» **EXERCISE DATA**
---

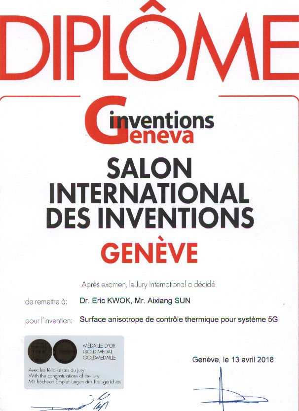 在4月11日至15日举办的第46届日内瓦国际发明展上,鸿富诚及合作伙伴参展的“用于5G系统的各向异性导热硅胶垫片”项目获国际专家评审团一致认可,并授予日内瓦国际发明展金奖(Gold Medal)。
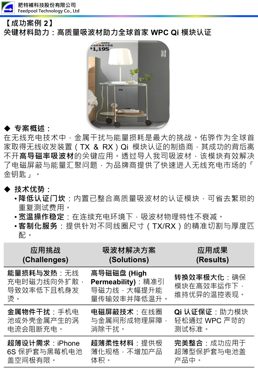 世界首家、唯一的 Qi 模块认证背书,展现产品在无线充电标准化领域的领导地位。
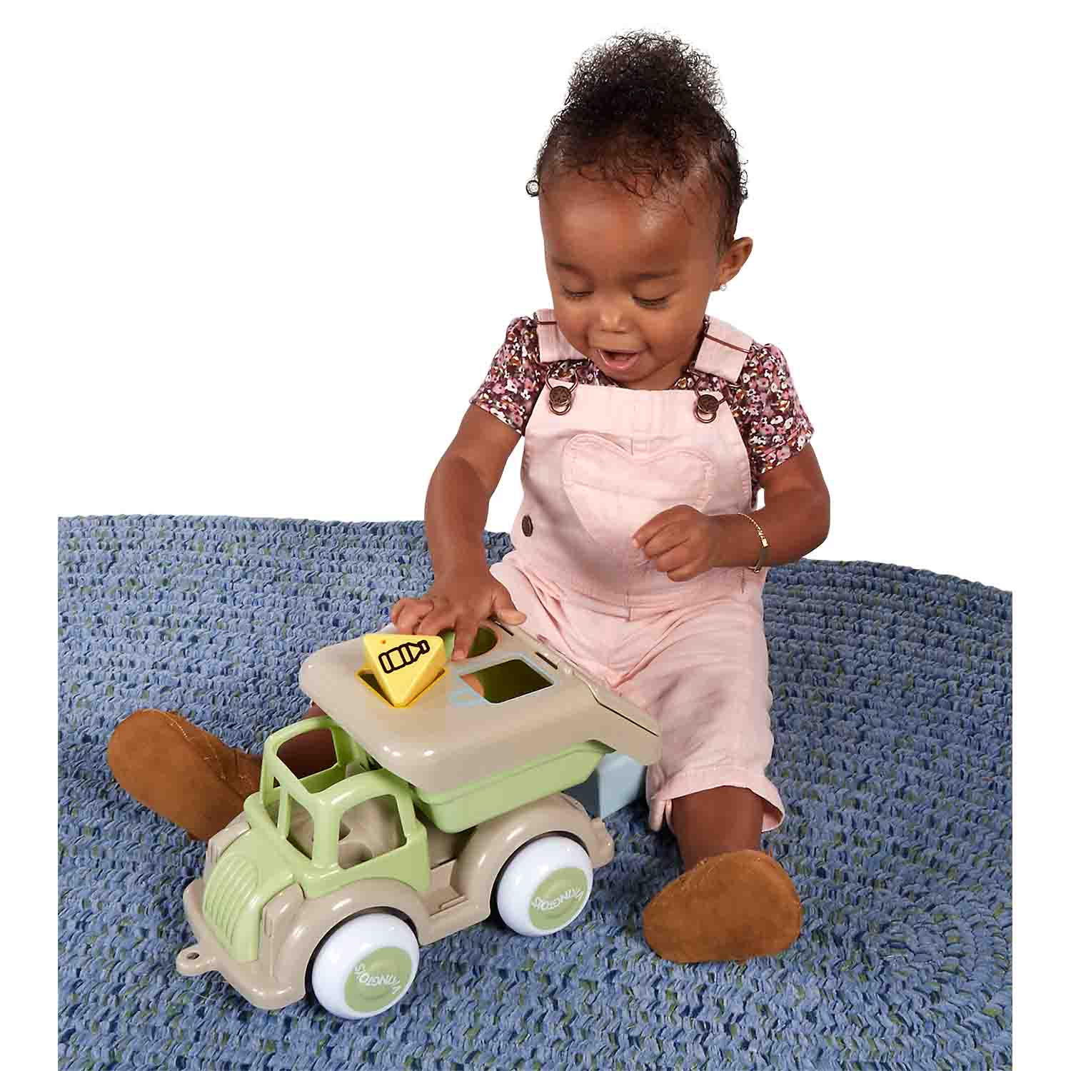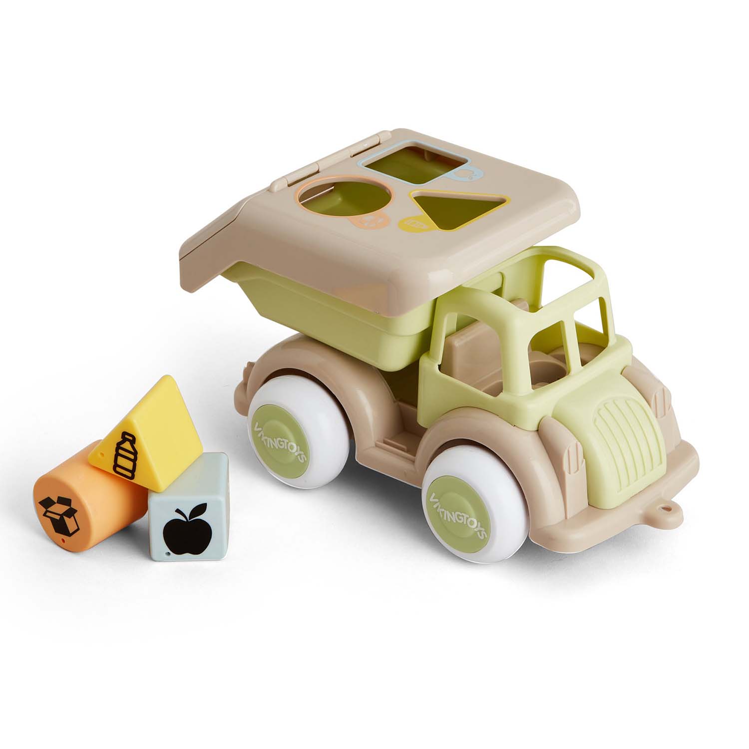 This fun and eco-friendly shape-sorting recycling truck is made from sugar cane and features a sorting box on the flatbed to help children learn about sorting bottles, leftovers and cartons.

---

» **YOUR GOAL**
Restate the material above word for word, dropping the pictures.

» **RESPONSE TO THIS EXERCISE**
 在4月11日至15日举办的第46届日内瓦国际发明展上,鸿富诚及合作伙伴参展的“用于5G系统的各向异性导热硅胶垫片”项目获国际专家评审团一致认可,并授予日内瓦国际发明展金奖(Gold Medal)。
 世界首家、唯一的 Qi 模块认证背书,展现产品在无线充电标准化领域的领导地位。
 This fun and eco-friendly shape-sorting recycling truck is made from sugar cane and features a sorting box on the flatbed to help children learn about sorting bottles, leftovers and cartons.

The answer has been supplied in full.